« Twitter by the Numbers - 460,000 New Accounts and 140 Million Tweets Per Day | Main | Google and Netflix Strategy: Use Partial Responses to Reduce Request Sizes »
Monday
Mar142011

6 Lessons from Dropbox - One Million Files Saved Every 15 minutes

Dropbox saves one million files every 15 minutes,  more tweets than even Twitterers tweet. That mind blowing statistic was revealed by Rian Hunter, a Dropbox Engineer, in his presentation How Dropbox Did It and How Python Helped at PyCon 2011.

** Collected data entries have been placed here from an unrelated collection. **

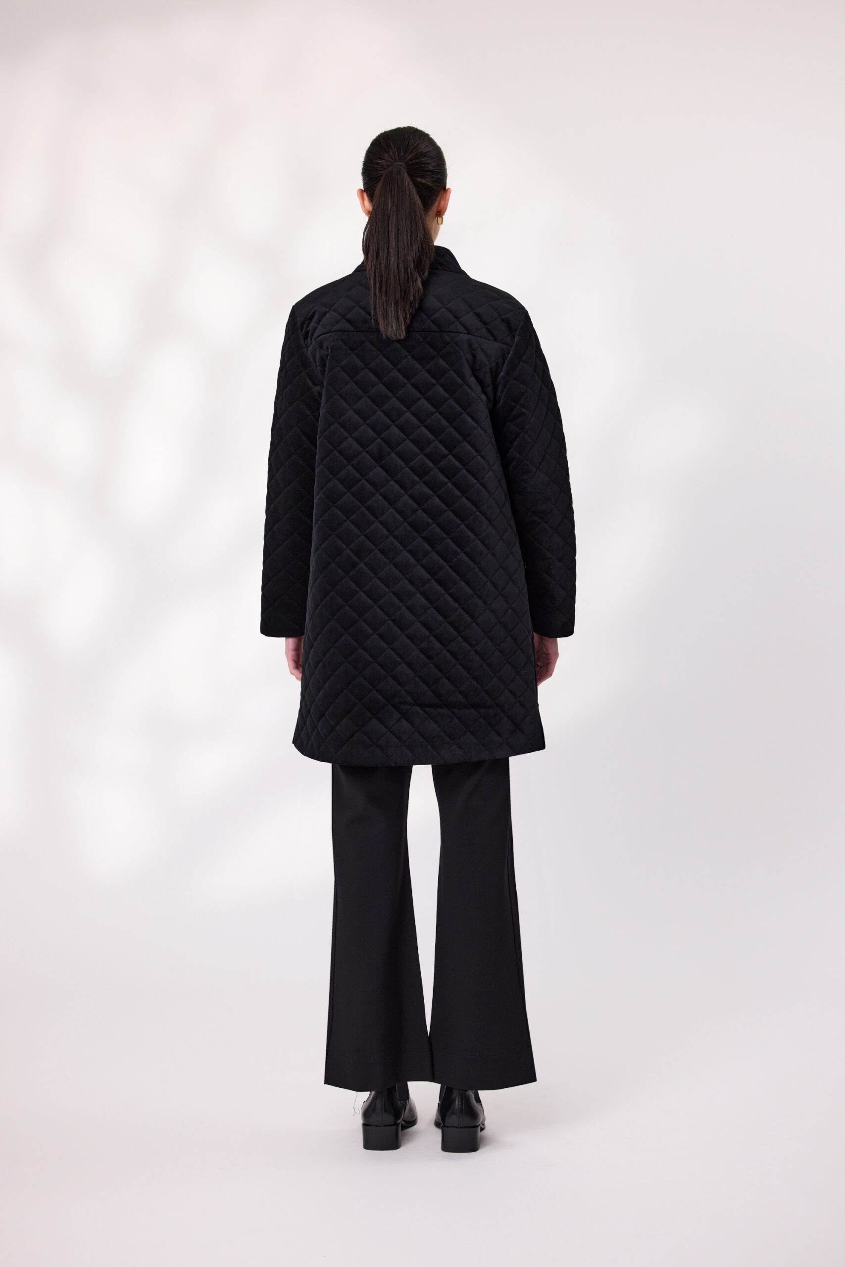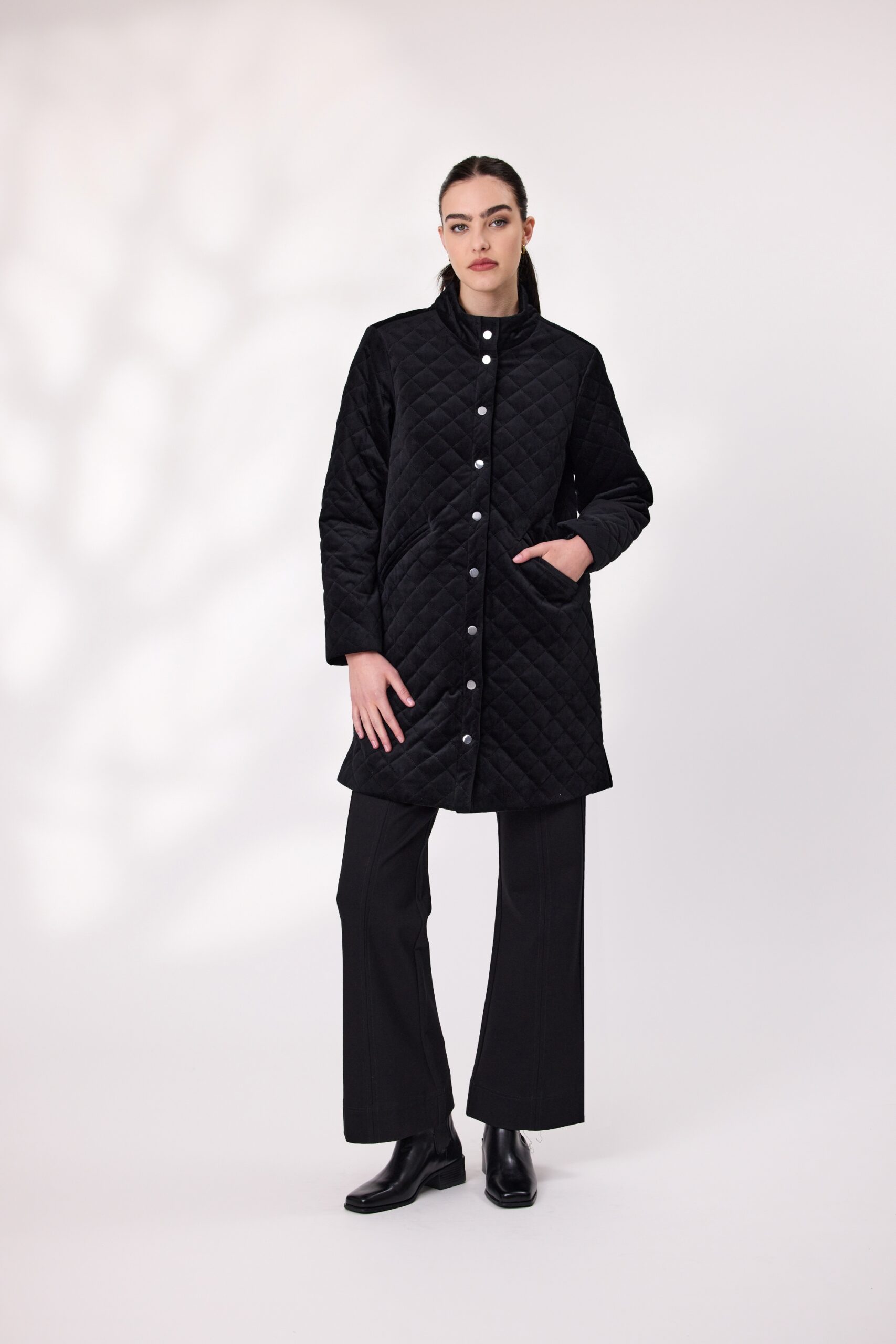 Step into effortless elegance with this long quilted velvet coat. It features a diamond-quilted texture that adds depth and sophistication. The full-length silhouette offers extra coverage, while the soft lining ensures comfort in cooler weather. A button-down front provides a classic finish and hip-level pockets.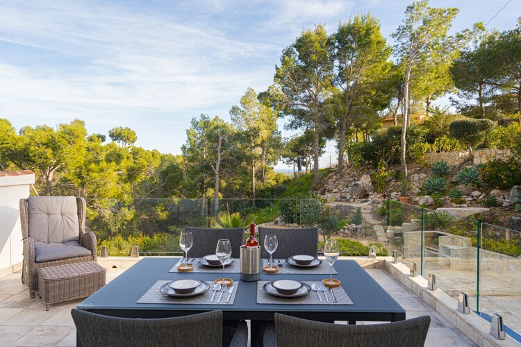 Rez-de-chaussée: (chambre(lit double, chauffage, climatisation), salle de bains(douche, WC), terrasse(privé), terrasse sur le toit) Au 1er étage: (Salle de séjour(TV, coin salon, chauffage, climatisation), cuisine(grille-pain, plaque de cuisson, cafetière/percolateur, machine à café expresso, four, micro ondes, lave-vaisselle , réfrigérateur, congélateur, Presse-agrumes), chambre(lit double, chauffage, climatisation), chambre(lit double, chauffage, climatisation), salle de bains(douche, WC)) portes-fenêtres, terrasse sur le toit, jardin(privé), mobilier de jardin(6 personnes), barbecue, piscine(privé)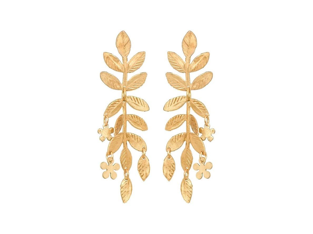 Brass Leaf and Flower Drop Earrings

The first part of the presentation is some Dropbox lore, origin stories and other foundational myths. We learn that Dropbox is a startup company located in San Francisco that has probably one of the most popular file synchronization and sharing tools in the world, shipping Python on the desktop and supporting millions of users and growing every day

About half way through the talk turns technical. Not a lot of info on how Dropbox handles this massive scale was dropped, but there were a number of good lessons to ponder:

  1. Use Python
    • 99.9 % of their code is in Python. Used on the server backend; desktop client, website controller logic, API backend, and analytics.
    • Can't use Python on the Android due to memory constraints.
    • Runs on a single code base using Python. Dropbox runs on Windows, Mac, Linux using tools like PyObjs, WxPython, types, py2exe, py2app, PyWin32.
    • Pros: 
      • Developers talk to each other and express ideas in Python
      • Easy to learn, easy to read, easy to write, easy for new people to pick up.
    • Cons: 
      • Don't be silly. 
      • OK, it can use too much memory and be too slow. Not a big deal on the server side, just buy bigger machines. On the client side you can't get an old Power PC user to upgrade.
      • Coding in a mixed environment of Python and C creates problems because it's hard to profile across the language boundaries like you want to do when fixing memory and CPU problems.
      • Memory fragmentation issues are reason why scripting languages may not be a good idea for long running processes.
  2. Just Work Baby
    • Shouldn't matter what file system you are on, what OS you are using, what applications you are using. The product should always just work.
    • Python helped them iterate fast through all the different error cases they experienced on the wide variety of platforms they support.
  3. Release Early
    • Code something in a day and release it. Python makes that easy.
  4. Use C for Inner Loops - Optimizing CPU is easy
    • A way to handle the too slow problem.
    • Optimize inner loops to reduce CPU time. 
    • 44% of overhead when looping in Python vs C (2.88s vs 1.61)
    • Python VM bytecode dispatches are really slow. 
    • Many tools exist for profiling CPU. 
    • CPU optimizations are usually limited to small code sections.
  5. Poll - Polling 30 Milion Clients All Over the World Doesn't Scale 
    • Created an HTTP notification structure to avoid polling the server on the client site.
  6. Custom Memory Allocator - Optimizing Memory is Hard
    • This was there biggest problem for a while. Could use huge amounts of memory and the memory would never be freed. For large sync they could use up to 1.5GB, now they rarely use more than 100MB.
    • Hard because: 
      • Few tools exist for profiling memory for Python and C
      • Memory bloat has so many causes: leaks in Python and C code; memory fragmentation; inefficient use of memory.
    • Fixing obvious memory inefficiencies didn't help. They thought there was a memory leak, but there wasn't.
    • Problem turned out to be memory fragmentation. Memory fragmentation is what happens when different sized memory blocks are continually being deleted and allocated. What happens is contiguous blocks of memory can no longer be allocated. CPython doesn't have a garbage collector, so all this memory simply wasn't able to be allocated and the heap continually grew so memory requests could be satisfied.
    • Solution was to create a custom allocator. The file meta-data object grows a lot when doing transfers, so the obvious low hanging fruit was to create a custom allocator in C using mmap.

Future Directions

  • Dropbox on toasters. File sharing on toasters will be really big.
  • They see folders as a unifying metaphor for storing, organizing, and accessing data in the cloud and on any device, anywhere, anytime. 

Related Articles 

Reader Comments (13)

They could use Perl for this project or JavaScript. Also scripting languages. Some people are having fun trying to solve the problems they have created themselves.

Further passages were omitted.